Extracted material -
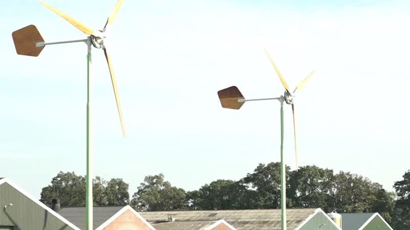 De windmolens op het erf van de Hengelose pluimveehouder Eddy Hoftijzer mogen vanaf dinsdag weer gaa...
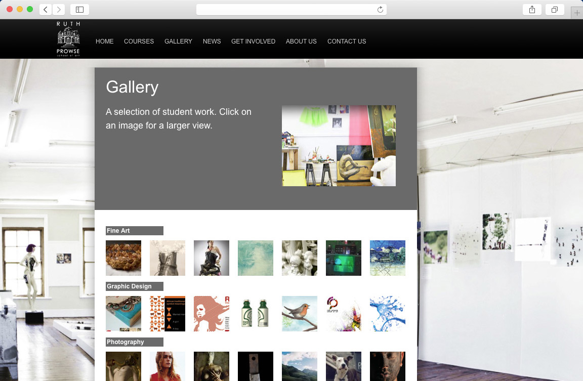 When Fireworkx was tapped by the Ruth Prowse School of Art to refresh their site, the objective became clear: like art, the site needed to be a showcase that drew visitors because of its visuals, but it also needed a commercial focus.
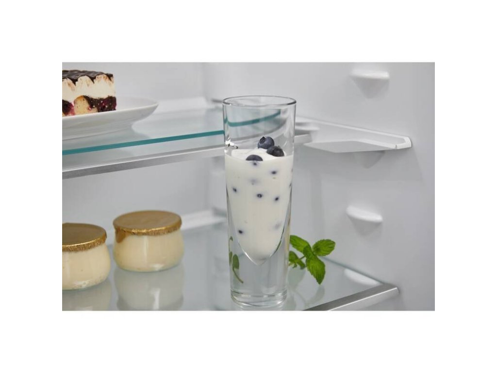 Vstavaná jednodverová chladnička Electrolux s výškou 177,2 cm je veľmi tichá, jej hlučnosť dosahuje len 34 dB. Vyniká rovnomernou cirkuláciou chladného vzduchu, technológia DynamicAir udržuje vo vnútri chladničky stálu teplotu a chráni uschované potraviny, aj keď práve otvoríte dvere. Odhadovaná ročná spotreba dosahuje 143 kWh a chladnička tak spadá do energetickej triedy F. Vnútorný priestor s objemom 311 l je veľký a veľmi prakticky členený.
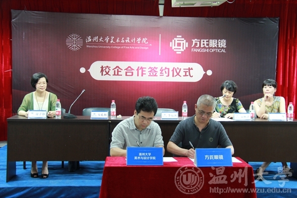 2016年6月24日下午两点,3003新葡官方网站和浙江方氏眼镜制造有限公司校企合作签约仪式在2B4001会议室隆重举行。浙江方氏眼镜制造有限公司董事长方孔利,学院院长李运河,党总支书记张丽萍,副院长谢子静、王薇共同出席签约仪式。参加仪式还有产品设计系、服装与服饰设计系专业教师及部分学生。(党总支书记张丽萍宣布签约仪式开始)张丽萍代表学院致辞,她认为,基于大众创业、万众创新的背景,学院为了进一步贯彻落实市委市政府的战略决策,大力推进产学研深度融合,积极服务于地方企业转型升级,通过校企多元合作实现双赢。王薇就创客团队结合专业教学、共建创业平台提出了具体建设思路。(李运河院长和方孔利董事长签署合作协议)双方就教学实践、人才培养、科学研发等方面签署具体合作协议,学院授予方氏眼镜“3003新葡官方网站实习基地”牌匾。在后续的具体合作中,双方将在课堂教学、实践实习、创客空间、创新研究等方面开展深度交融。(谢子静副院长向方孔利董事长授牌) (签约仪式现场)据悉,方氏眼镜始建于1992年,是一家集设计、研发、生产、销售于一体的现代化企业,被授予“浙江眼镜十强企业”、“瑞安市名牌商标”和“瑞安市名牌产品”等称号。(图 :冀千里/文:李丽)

--

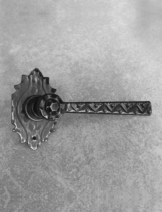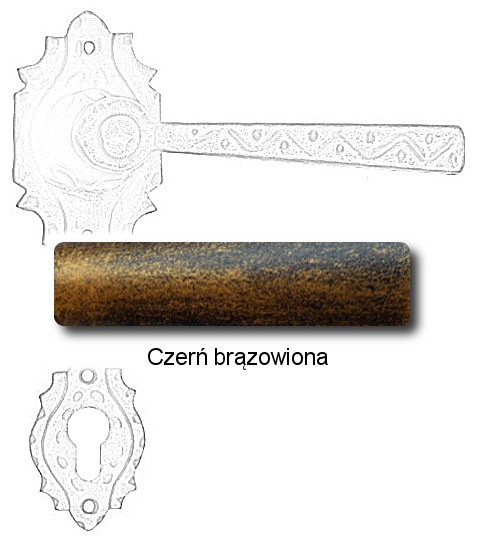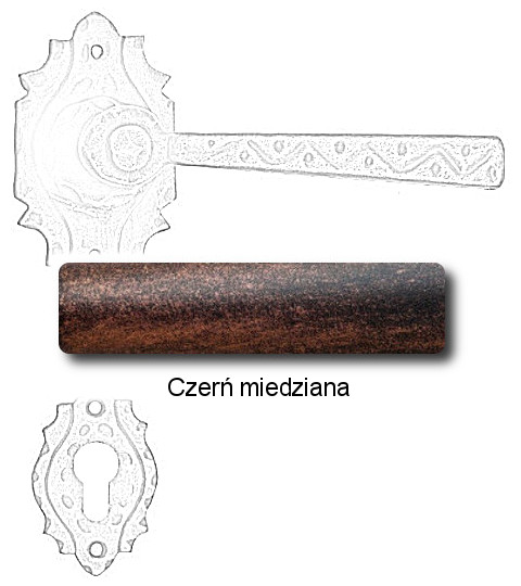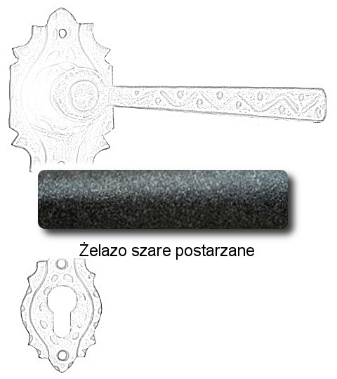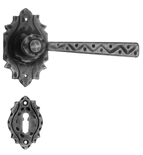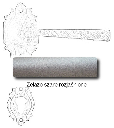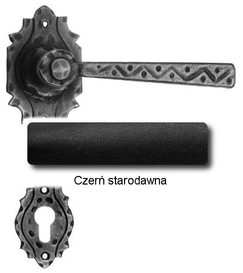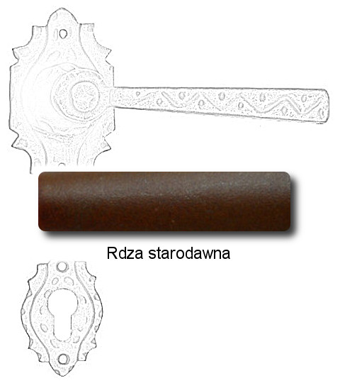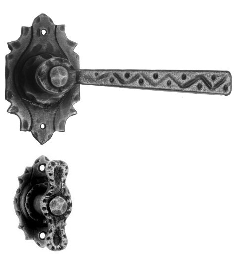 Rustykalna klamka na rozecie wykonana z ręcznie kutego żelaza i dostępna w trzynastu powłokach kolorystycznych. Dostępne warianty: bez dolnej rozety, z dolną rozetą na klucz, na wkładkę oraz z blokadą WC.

--

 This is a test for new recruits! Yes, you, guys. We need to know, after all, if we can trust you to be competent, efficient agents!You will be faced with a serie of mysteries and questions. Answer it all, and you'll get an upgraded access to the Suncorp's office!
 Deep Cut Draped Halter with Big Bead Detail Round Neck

What the exercise asks - Within the material above, only the stretch from the line holding "When Fireworkx was" through the line holding "Vstavaná jednodverová chladnička" is to be restated exactly. Pictures are dropped.

Problem solution -
 When Fireworkx was tapped by the Ruth Prowse School of Art to refresh their site, the objective became clear: like art, the site needed to be a showcase that drew visitors because of its visuals, but it also needed a commercial focus.
 Vstavaná jednodverová chladnička Electrolux s výškou 177,2 cm je veľmi tichá, jej hlučnosť dosahuje len 34 dB. Vyniká rovnomernou cirkuláciou chladného vzduchu, technológia DynamicAir udržuje vo vnútri chladničky stálu teplotu a chráni uschované potraviny, aj keď práve otvoríte dvere. Odhadovaná ročná spotreba dosahuje 143 kWh a chladnička tak spadá do energetickej triedy F. Vnútorný priestor s objemom 311 l je veľký a veľmi prakticky členený.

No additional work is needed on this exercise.